The Pregnancy Pickle - Safely Treating Asthma

What medications have been of the most concern?
The one medicine for which there have been some associations that are less than reassuring have been the oral steroid medicines. It has been shown that the oral steroids had an effect on intrauterine growth, and in children, there were some data that inhaled steroids could affect growth. The difficulty there is that oral steroids are used for the most severe asthma. So it becomes very difficult to separate out whether it's really the oral steroids or the severe asthma that is increasing risk.

But even intermittent use or short-term use of oral steroids during pregnancy, in some studies, has been associated with some increased risk. So because the oral steroids could do it and because sometimes there are some similar effects of the inhaled steroids, it was felt to be particularly important then to look at that outcome in women using inhaled steroids during pregnancy.

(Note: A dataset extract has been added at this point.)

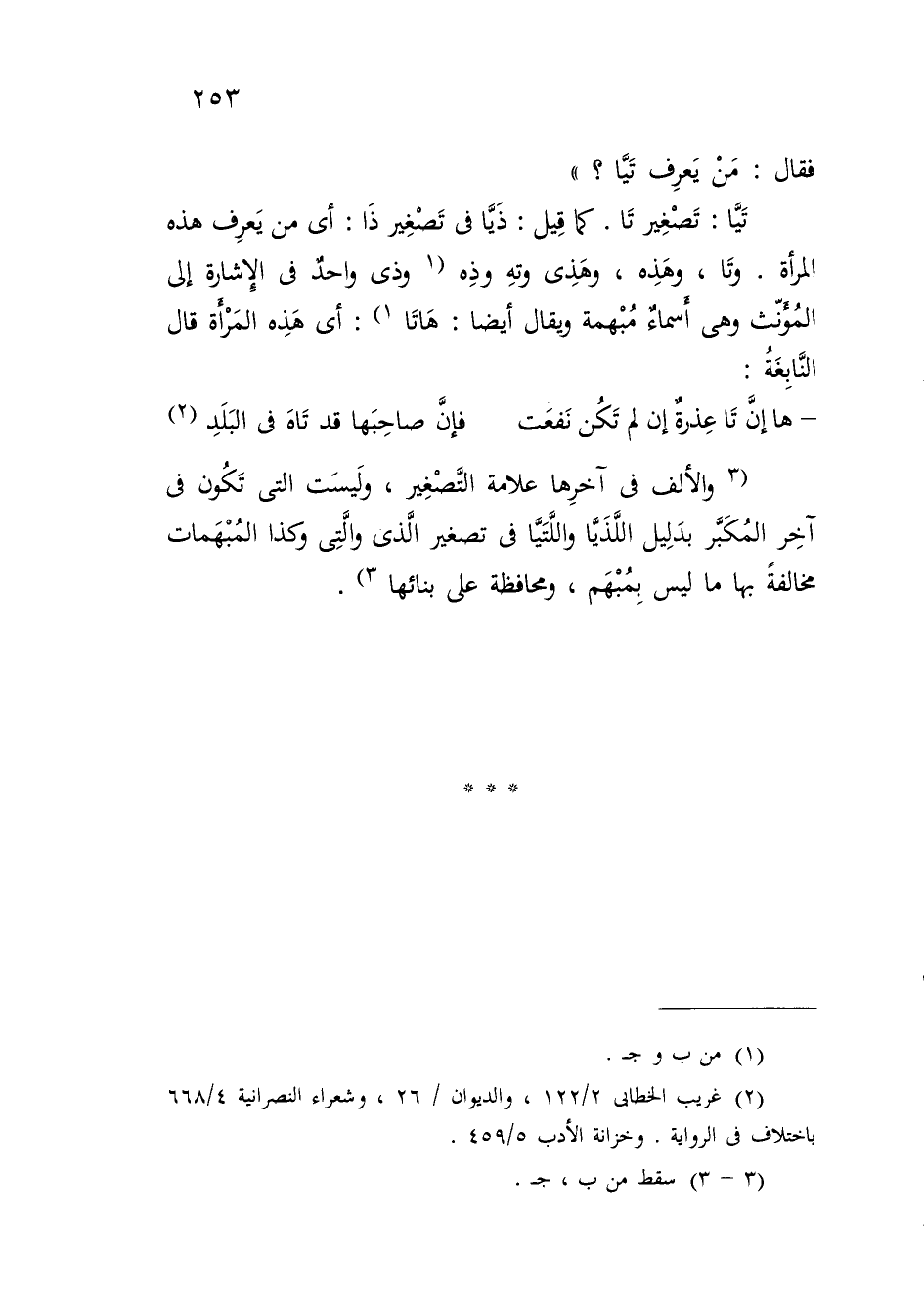 (3 والألف في آخرها علامة التَّصْغِير، ولَيسَت التي تَكُون في آخِر المُكَبَّر بدَلِيل اللَّذَيَّا واللَّتَيَّا في تصغير الَّذى والَّتِي وكذا المُبْهَمات مخالفةً بها ما ليس بِمُبْهَم، ومحافظة على بنائها 3).

However, in spite of these possible associations, because there are substantial risks of severe uncontrolled asthma to both the mother and the baby, benefit-risk considerations still favor the use of oral steroids when necessary to treat severe asthma during pregnancy.

What do these studies offer pregnant women with asthma?
I think they really help the pregnant woman make the right choice in terms of whether she should be treating her asthma or whether she should be so concerned about safety issues for the baby that she shouldn't treat her asthma with the inhaled steroids.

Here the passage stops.